Edmund Kean (1787 - 1833) est le plus grand acteur Anglais de son temps, un génie qui va révolutionner la façon d'interpréter Shakespeare, auquel il rend toute sa verve et tout son sel... C'est aussi, comme tant d'acteurs, un aventurier, un homme qui laisse la passion et l'impulsion le guider. Malheureux en amour, heureux en débauche et riches en dettes... Bref, un rôle sur mesure pour Ivan Mosjoukine, co-scénariste de ce film qui reste l'un de ses classiques, et l'un de ses grands films interprétés pour les studios Albatros avant de tenter la grande aventure d'un cinéma plus grand public avec Michel Strogoff en 1926. Kean est d'ailleurs l'avant-dernière collaboration de Mosjoukine avec les studios de Ermolieff et Kamenka... et c'est une production d'une incroyable richesse, tant par ses décors que par la qualité de l'interprétation, et bien sur l'invention filmique!

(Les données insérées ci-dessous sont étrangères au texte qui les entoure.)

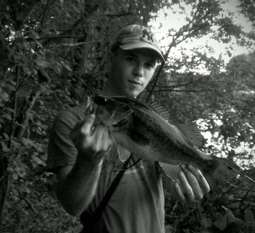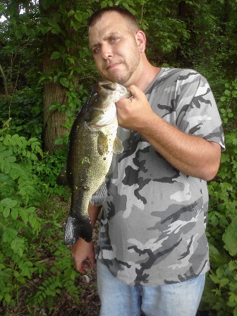 We threw senkos for a while. My friend hooked up pretty quickly on 2 dinks as we worked the shoreline "to the right". He wandered a bit ahead of me and switched to a moss mouse. It paid off nicely. See below. That was his third or fourth fish while I had ZERo. I put on a frog close by but nada. Switched back to the senko and worked the shoreline "to the left". I finally got a tug. Managed 3 dinks. As it got darker I made a cast towards some pads well off the bank about 30 ft out. As soon as the senko hit the water WHAMMO! Nice lil' toad... My buddy had 4-5 fish with a chubber and I had 4 with my chubber. My fish looked like it swallowed a billiard ball. I guess they're not all spawned out yet... Catch em' up! |
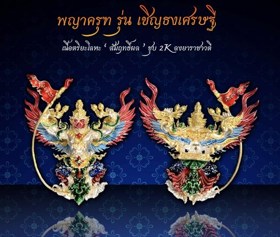 พญาครุฑทรงมหิธานุภาพ เชิญธงเศรษฐี วัดครุฑธาราม จ.พระนครศรีอยุธยา พิมพ์ใหญ่ สูง 4.5 ซ.ม. เนื้อตริยะโลหะ (สัมฤทธิ์ผล) ชุบ 2 K ลงยาราชาวดี ซีลเดิมยังไม่ได้แกะ |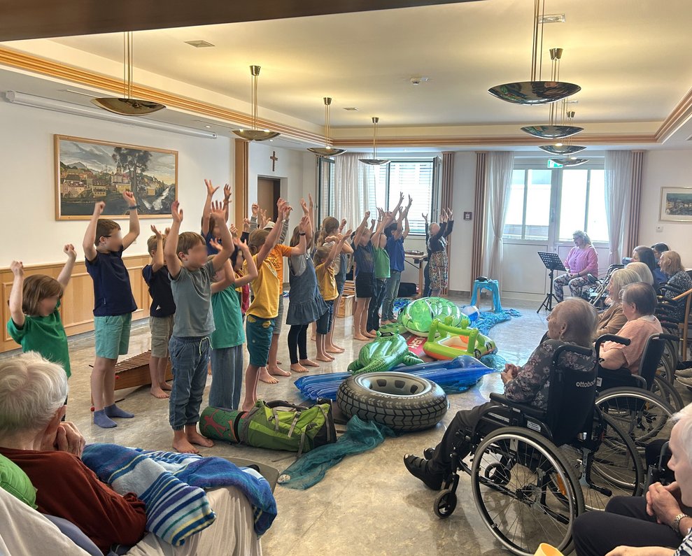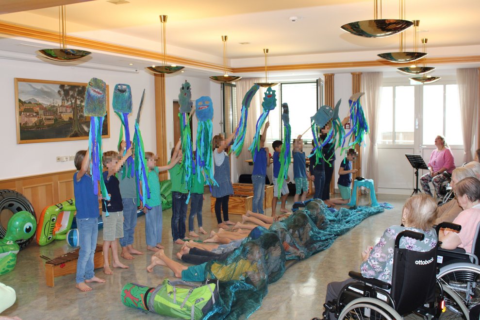 Die Schülerinnen und Schüler der Volksschule Waidhofen/Ybbs präsentierten den Bewohnerinnen und Bewohnern des Pflege- und Betreuungszentrums ihr Musical "Hurra die Schule ist aus".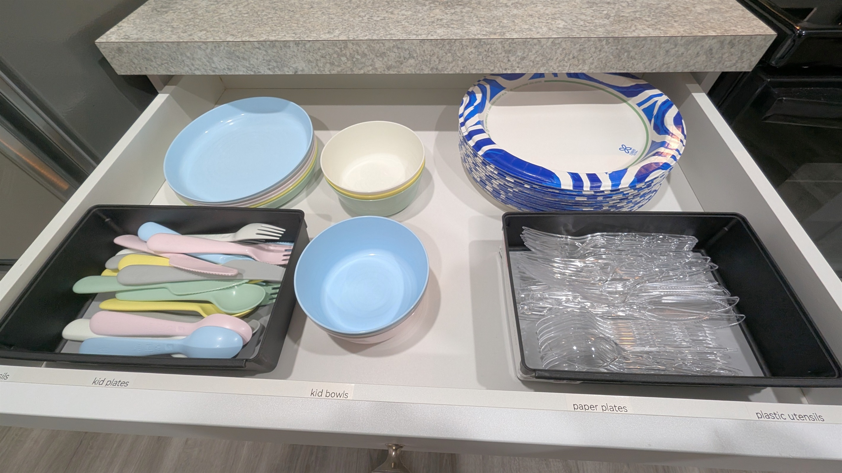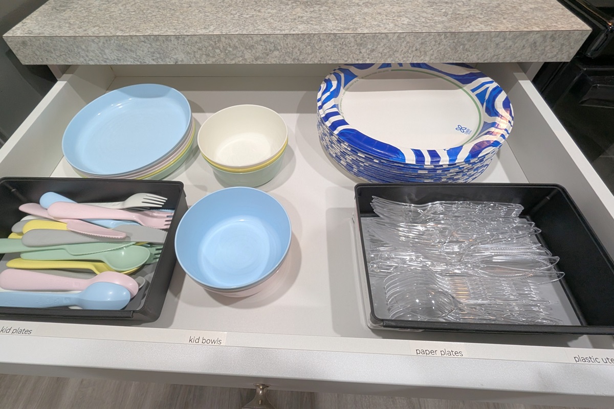 Kid friendly plates & utensils, as well as paper plates and plastic utensils are stocked.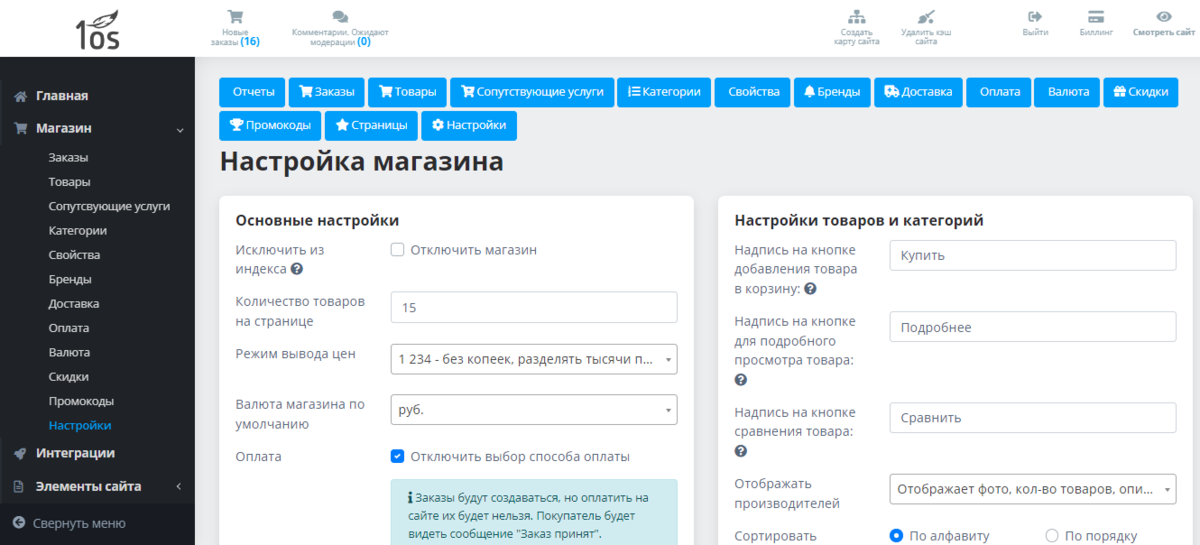 Настройки товаров и категорий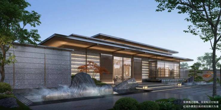 ◆二进|登门望府 :以画景还原的方式,打造飘逸巍峨的“三重檐”,结合七开间秩序的建筑手法,还原传统中式大门的礼序考究。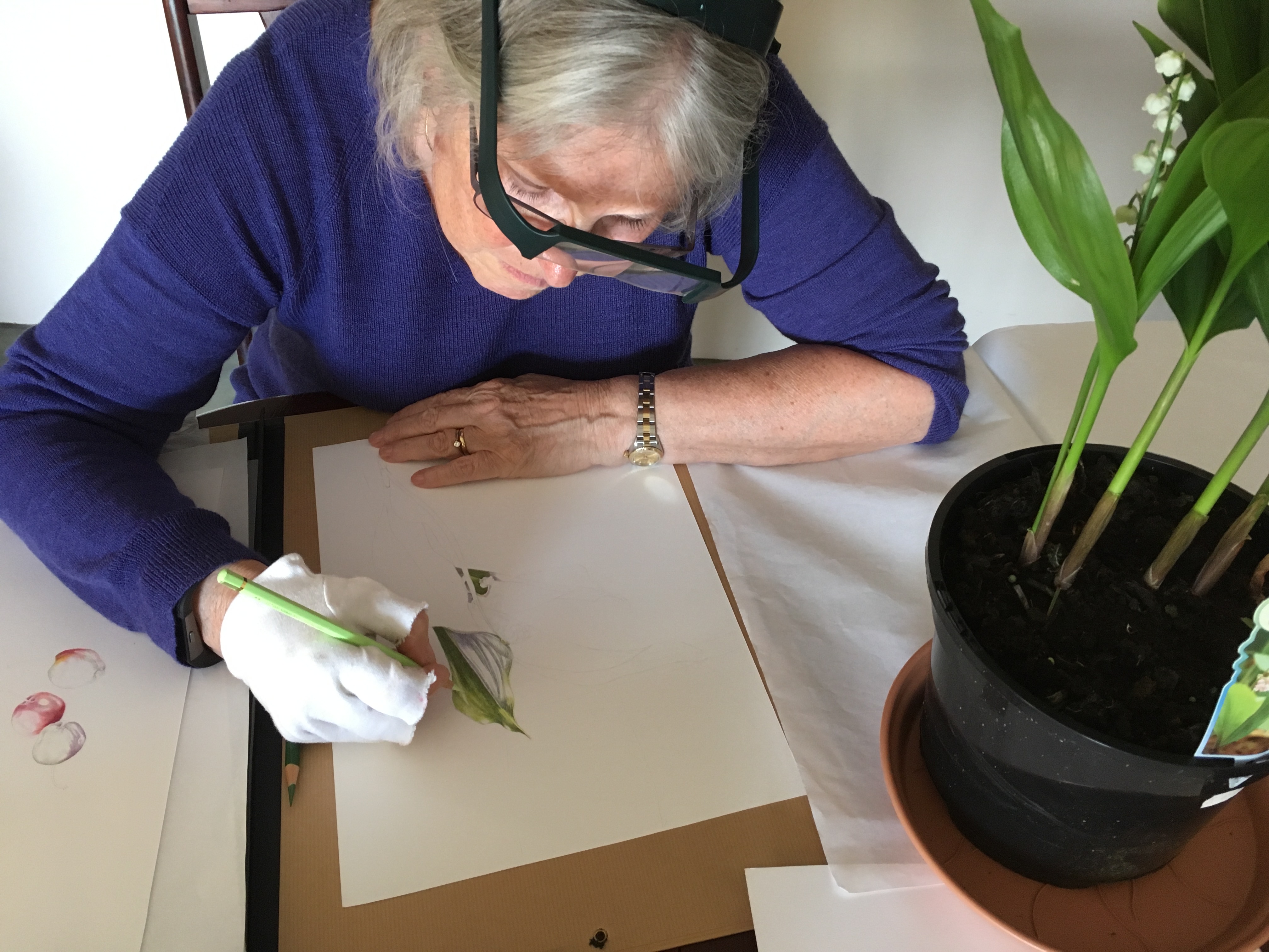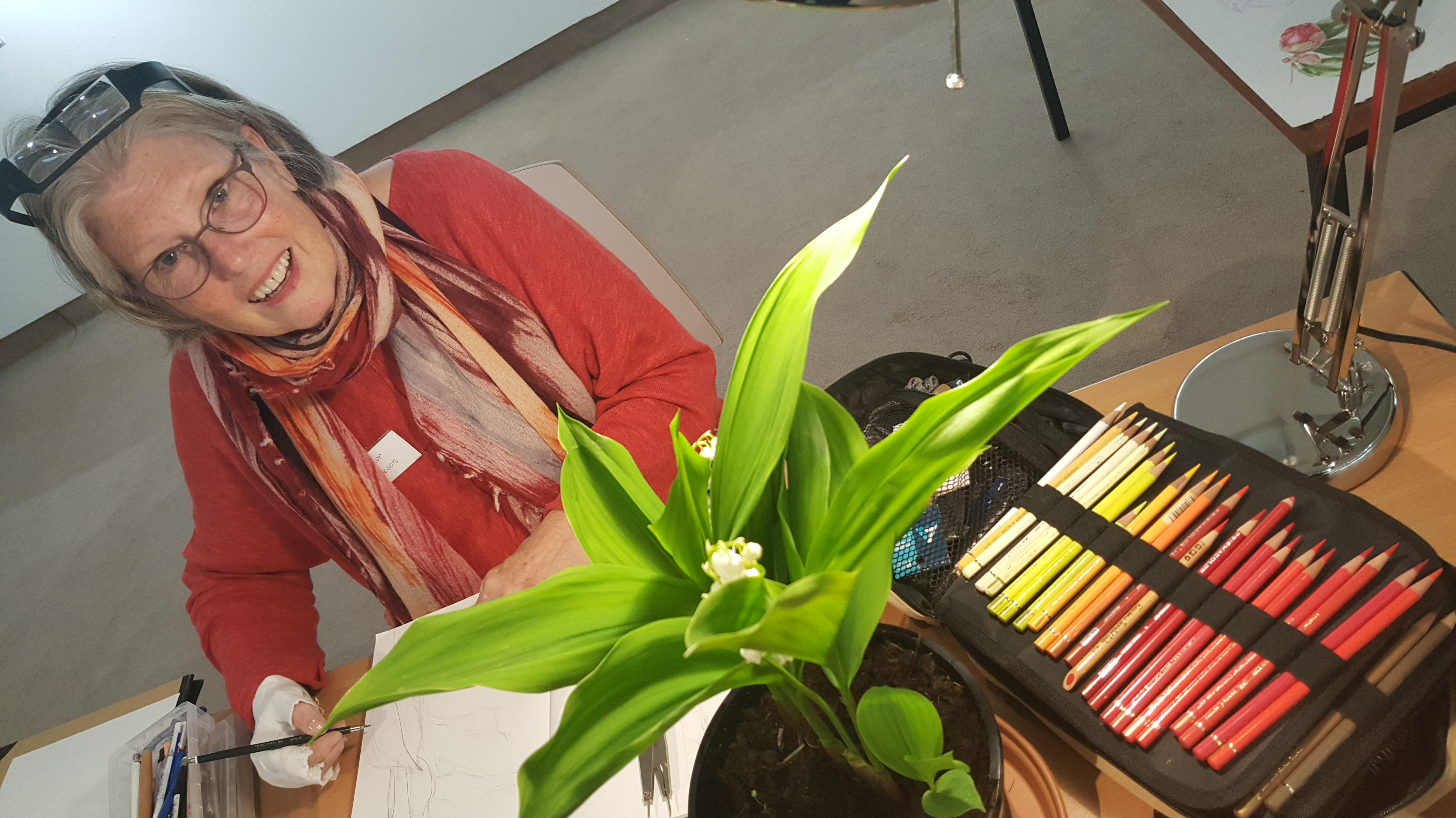 To show you a little of my own demos whilst in Lancaster I am including the unfinished picture I worked on in coloured pencil. I chose a Lily of Valley as so many people worry about white flowers. I wanted to show how best to do it. I used a lamp to highlight from the left and some of the leaves became backlit creating a beautiful architectural plant. The picture will remain unfinished as the flowers are now long gone, but it will be useful to demo on.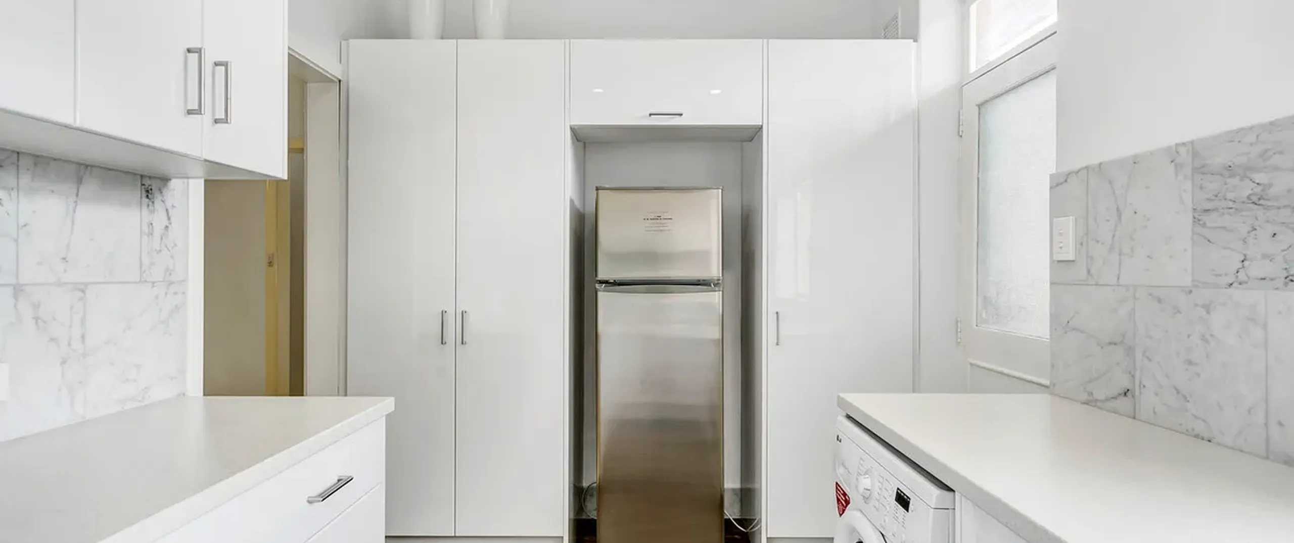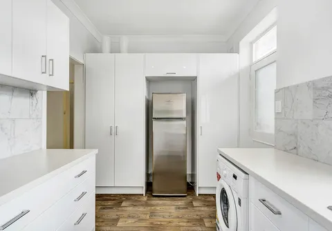 - Stunning renovated kitchen with white two pack cabinetry, plenty of storage, gas cooktop, Blanco appliances and 3 cupboard pantry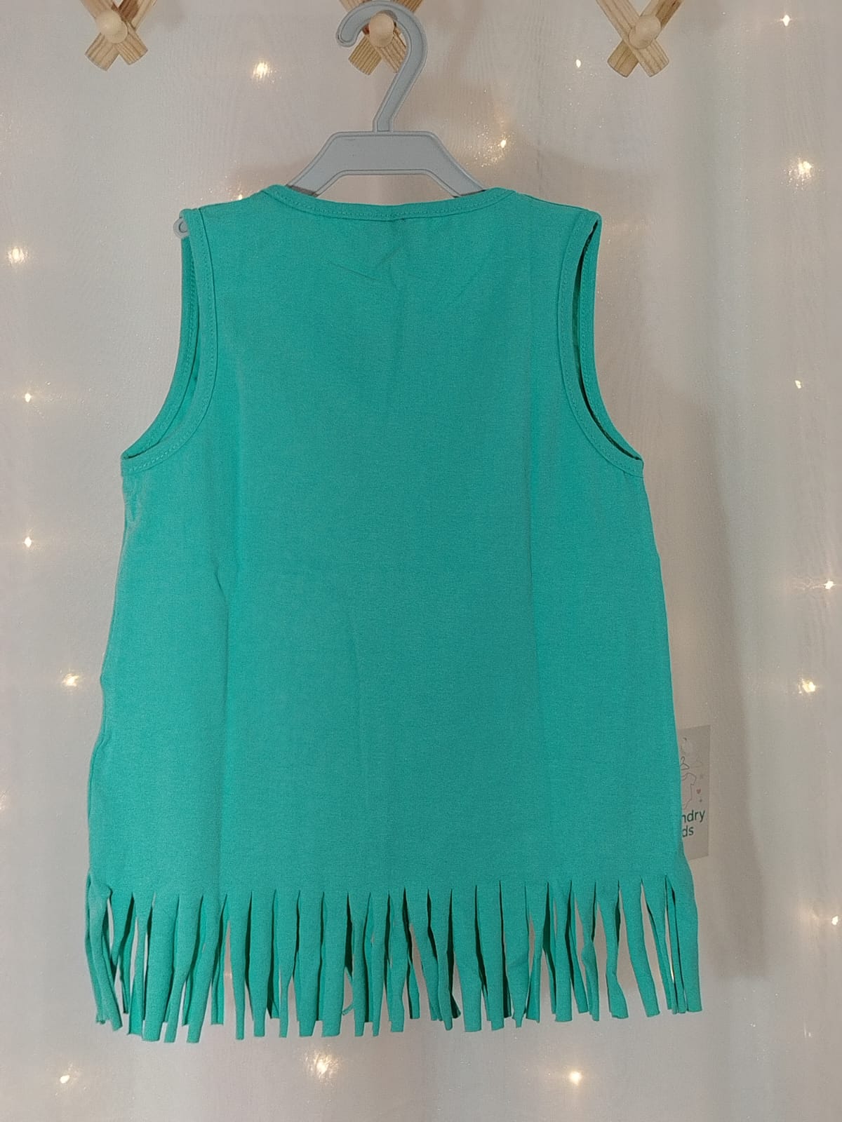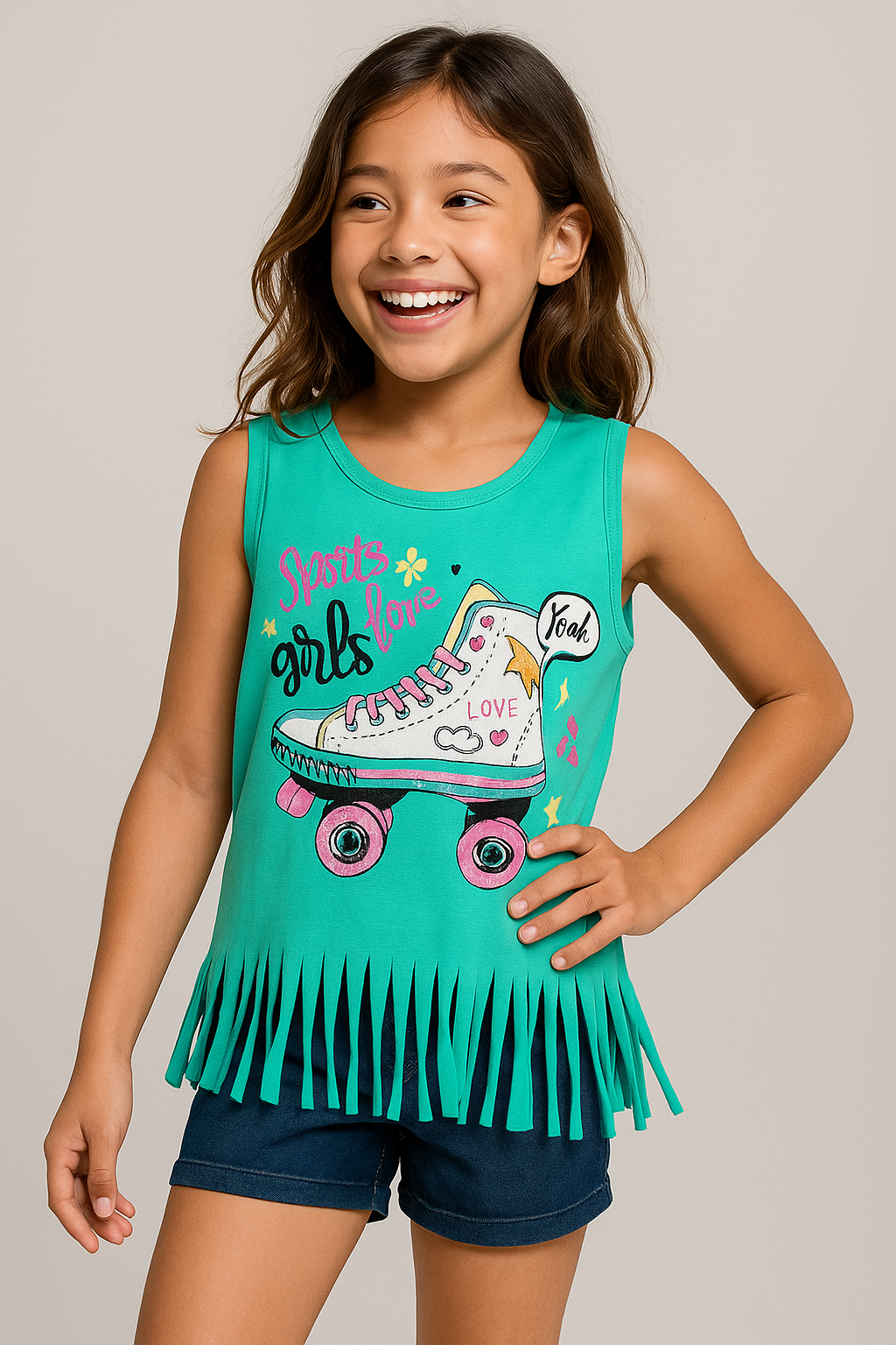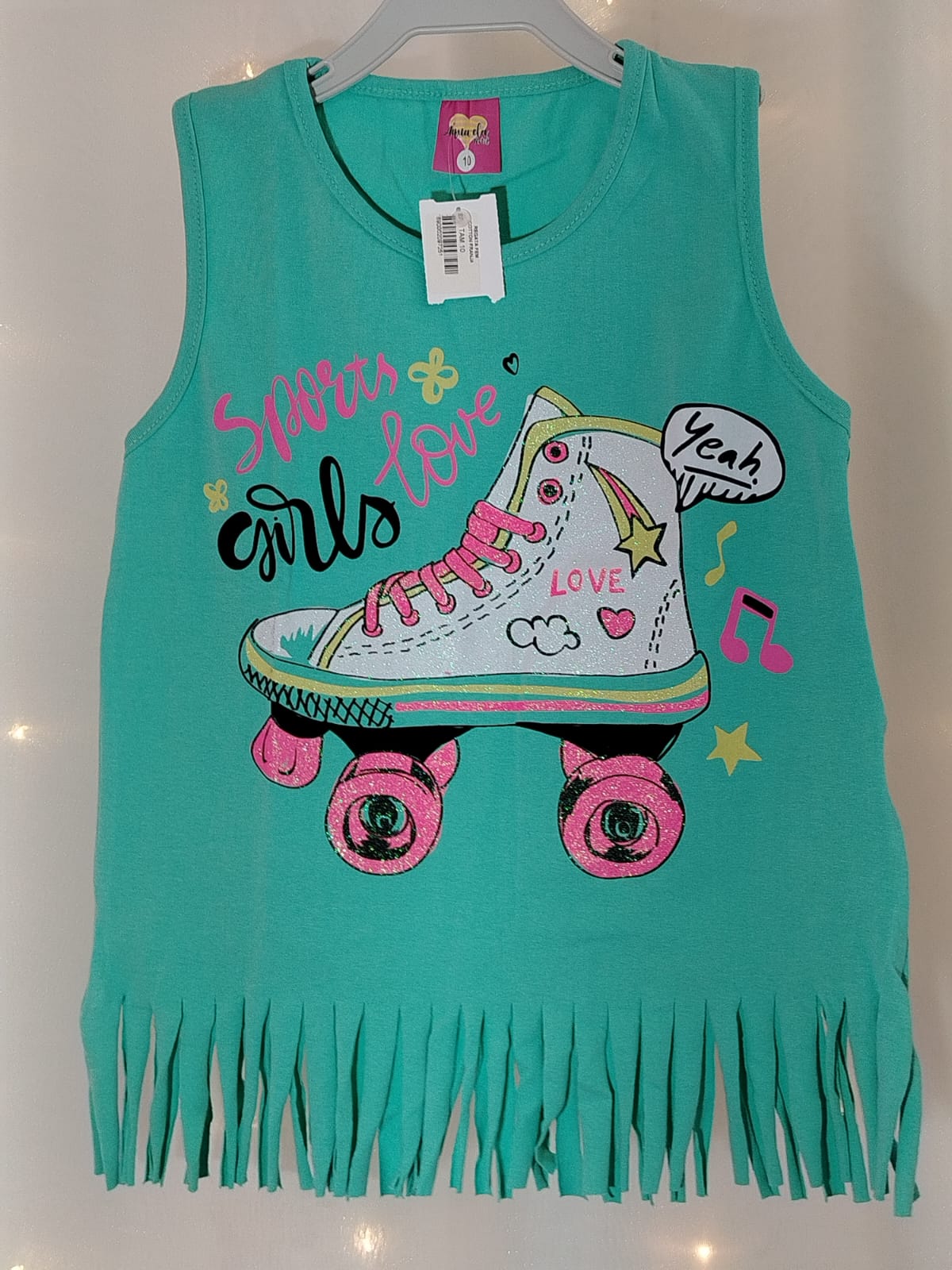 A peça na cor verde água possui barras em franjas, que dão um toque moderno e divertido, e uma linda estampa de patins com glitter e frases alegres como “Sports Girls Love” e “Yeah”.

La première apparition de Mosjoukine en acteur (Interprétant Romeo) est longuement préparée, elle se confond bien sur avec le véritable commencement du film. Et la confrontation entre Kean, son public, et Shakespeare occupe bien une dizaine de minutes, riches en enseignements. Mosjoukine est d'abord une ombre géante qui se détache des coulisses, avant de manger toute la scène... Bien sûr, contrairement à la légende qu'était Kean, l'acteur de cinéma semble adopter un jeu assez conventionnel pour son Shakespeare, mais le film n'est absolument pas un documentaire, et Volkoff s'intéresse finalement plus à l'effet que fait Kean sur le public (Aussi bien la noblesse et la bourgeoisie que les "Enfants du paradis"!). Et tout au long de ces 141 minutes de cinéma flamboyant, Mosjoukine ne se contient pas vraiment... il faut dire que ce rôle est taillé sur mesure pour la star excentrique du cinéma Franco-Russe, qui lui aussi tendant à faire se confondre, comme Kean dans les scènes où on le voit interpréter Romeo et Juliette, puis Hamlet, le théâtre et sa vie, et séduisait comme d'autres respirent. Et Kean, dans sa vie, prolonge son métier en se déguisant sans cesse pour échapper à ses créanciers. En marin... ou en tigre!
Le film reconstruit à merveille le Londres du XIXe siècle tel que Dumas l'a imaginé dans sa pièce, et Volkoff et Mosjoukine se sont plus à accumuler les scènes de bravoure, toute construites sur une véritable unité dramatique. la plus connue, la plus discutée aussi, est bien sur sensée montrer les excès de la vie de débauche de Kean, qui danse et boit jusqu'au bout de la nuit dans un pub. La scène est électrique, communicative, et recycle merveilleusement le montage rapide tel que Gance l'a utilisé dans La roue. Mais chaque scène possède sa propre identité, dans un grand film qui n'hésite jamais à passer d'un genre à l'autre, d'un seul souffle. C'est encore une fois la marque de fabrique de Mosjoukine, mais avouons que le style de Volkoff a une classe folle...
Ce film qui fut un énorme succès, qui mêle de façon fascinante l'art avec la vie et la mort des artistes, on peut spéculer sur le fait que Carné l'ait vu... En tout cas il est impossible de ne pas y penser. Quant à l'acteur Mosjoukine, qui a manifestement pris énormément de plaisir à interpréter cette auto-caricature d'une rare finesse, il ne pouvait sans doute pas deviner que jouer la mort de Kean, qui s'accroche à Shakespeare (Son seul vrai ami, le souffleur Salomon interprété par Nicolas Koline, lui lit des extraits avant que l'acteur, en transe, le remplace au pied levé) jusqu'à son dernier souffle, serait prémonitoire de sa propre mort dans la misère.